Data extract
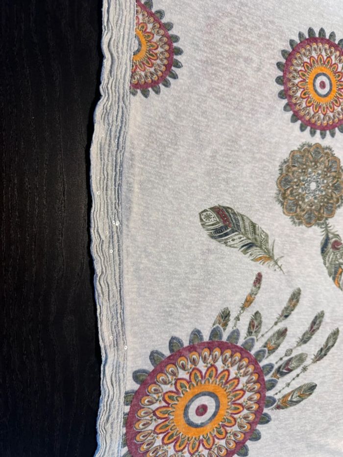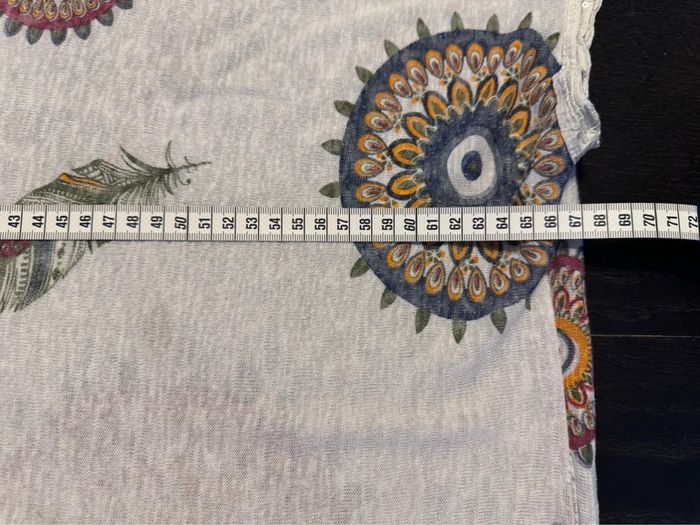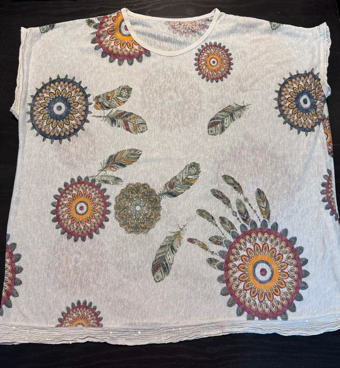 Tunique femme taille unique mais peu aller jusqu’au 50/52. Mesure aisselles sous aisselles 67cm, micro taches rouges au milieu acheter comme ça . Effet broderie sur le bas et les manches
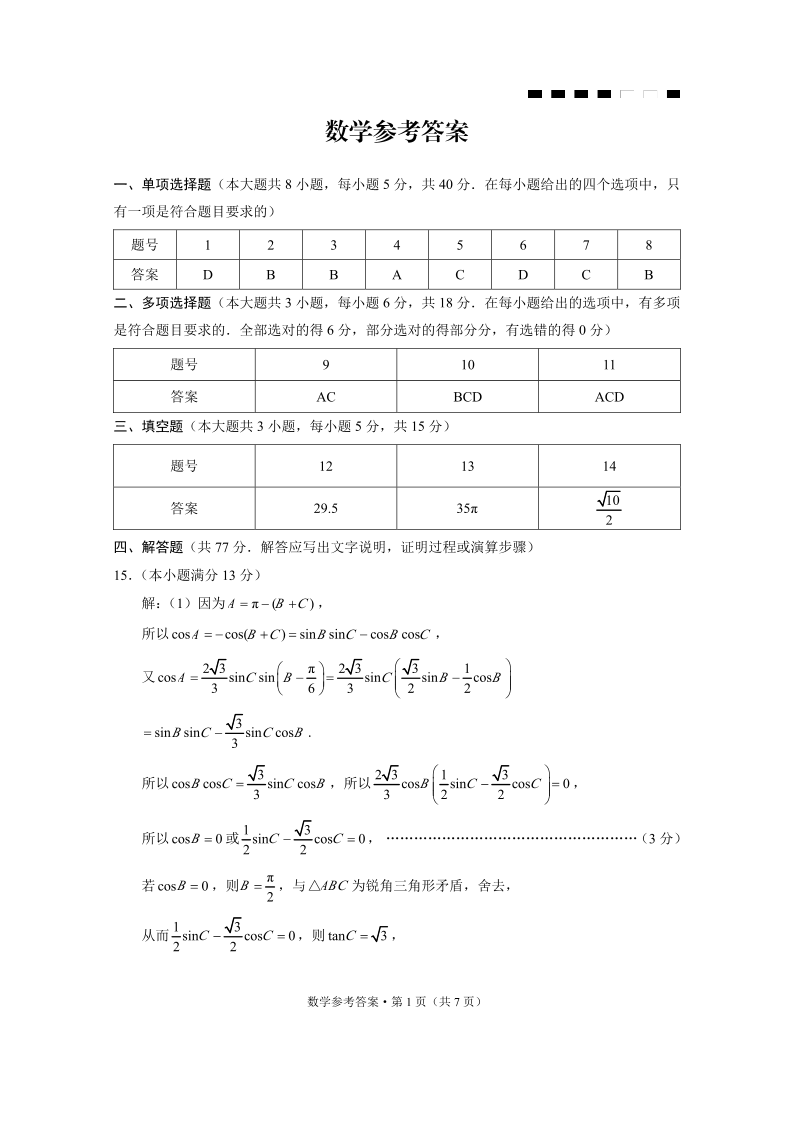 重庆市第八中学2024届高考适应性月考卷(六)数学答案
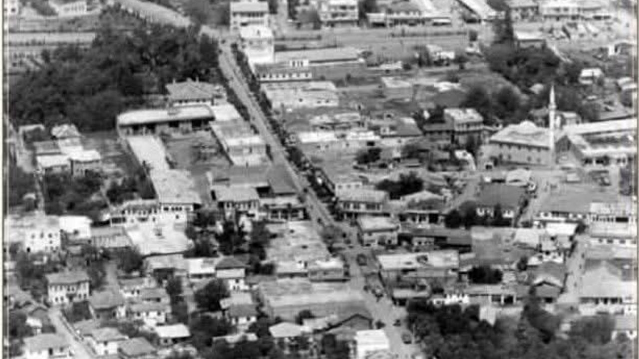 Fotoğrafın ortasında uzanan cadde Dr. Ahmet Alkan Caddesi, bitiminde ise İstasyon (şimdi Hasan Çenet) Caddesi başlıyor. Sol tarafta görülen yeşil alan, günümüzde Şehit Albay Halil İbrahim Karaoğlanoğlu Parkı olarak biliniyor. Parkın ilerisinde, yıkılıp yerine 10 katlı özel idare işhanı yapılan ilk kaymakamlık binası yer alıyordu; o işhanı da daha sonra yıkılmıştı. Şimdiki Devlet Bahçeli Meydanı o alanın bir parçası.

Exercise
What you give back must match the material word for word, with no images included.

Result
 Tunique femme taille unique mais peu aller jusqu’au 50/52. Mesure aisselles sous aisselles 67cm, micro taches rouges au milieu acheter comme ça . Effet broderie sur le bas et les manches
 重庆市第八中学2024届高考适应性月考卷(六)数学答案
 Fotoğrafın ortasında uzanan cadde Dr. Ahmet Alkan Caddesi, bitiminde ise İstasyon (şimdi Hasan Çenet) Caddesi başlıyor. Sol tarafta görülen yeşil alan, günümüzde Şehit Albay Halil İbrahim Karaoğlanoğlu Parkı olarak biliniyor. Parkın ilerisinde, yıkılıp yerine 10 katlı özel idare işhanı yapılan ilk kaymakamlık binası yer alıyordu; o işhanı da daha sonra yıkılmıştı. Şimdiki Devlet Bahçeli Meydanı o alanın bir parçası.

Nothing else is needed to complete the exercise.